[SOLVED] Excluding existing folders in bash

rng · 12-08-2015, 10:53 AM

I have a list of directories in a file:

Code:

/root
/boot
/sys
/a_dir
/b_dir

I want to remove already existing directories from this list:

Code:

/a_dir
/b_dir

How can I do this? I know xargs can deal with one line at a time and [ -d dirname ] will show if the dirname is present. So I tried:

Code:

cat dirlist | xargs -I {} [ -d {} ]

but it does not work. Thanks for your help.

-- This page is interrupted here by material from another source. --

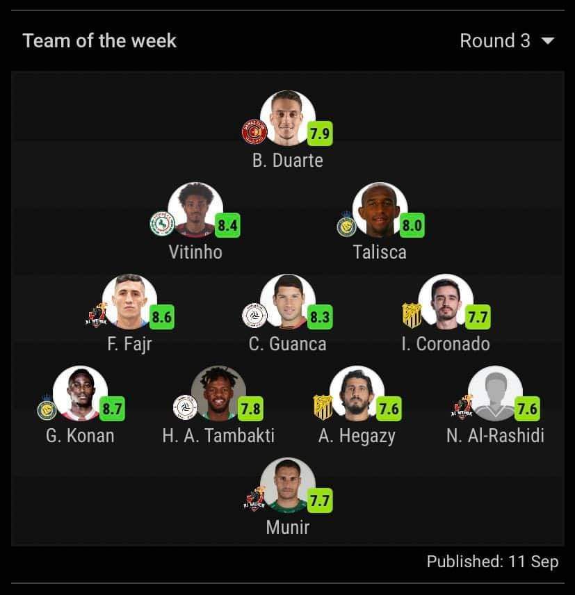 ونشرت شبكة سوفا سكور العالمية، تشكيل الجولة الثالثة لأفضل 11 لاعبًا في الدوري السعودي للمحترفين عقب نهاية كافة مباريات الجولة.

HMW · 12-08-2015, 01:48 PM

I don't understand the question. Why don't you simply delete the unwanted entries using sed?

Code:

$ echo "/root
/boot
/sys
/a_dir
/b_dir" | sed '/\/[a-b]_dir/d'
/root
/boot
/sys

But I am probably missing something...

Best regards,
HMW

rng · 12-08-2015, 06:54 PM

The filter should check if that directory exists. If it does not exist, only then its name should be printed, else not. It could be something like:

Code:

cat dirlist | awk 'if( [ ! -d $1 ] ) print ($1)'

How can this awk code be corrected or any other method can be used?

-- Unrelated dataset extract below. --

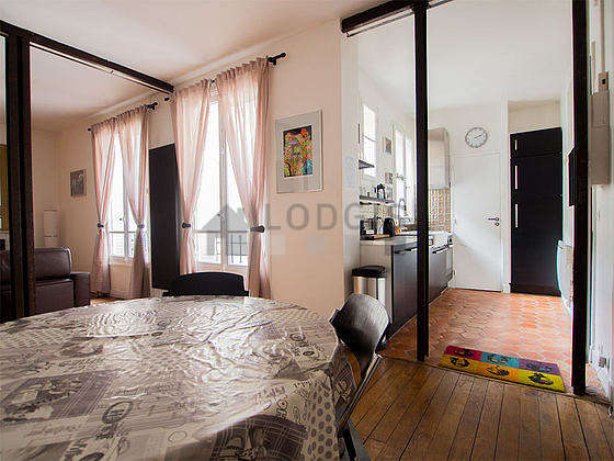 Cet appartement est composé d'un plaisant salon avec du parquet au sol et des fenêtres et vue sur cour. Ce salon est meublé et équipé pour rendre votre séjour agréable : télé, table à manger, table basse, bureau, bibliothèque, etagère, cheminée, 5 chaise(s)1 canapé(s) lit(s) de 160cm.

onlyesterday16 · 12-08-2015, 08:13 PM

I think you need use a loop:

Code:

for dir in $(cat dirlist); do
        if [ ! -d $dir ]; then
                do smt
        fi
done

rng · 12-08-2015, 09:59 PM

Thanks. I also managed using awk as follows:

Code:

cat dirlist | awk ' { if ( system(" [ -d " $1 " ] ")  ) print $1 } '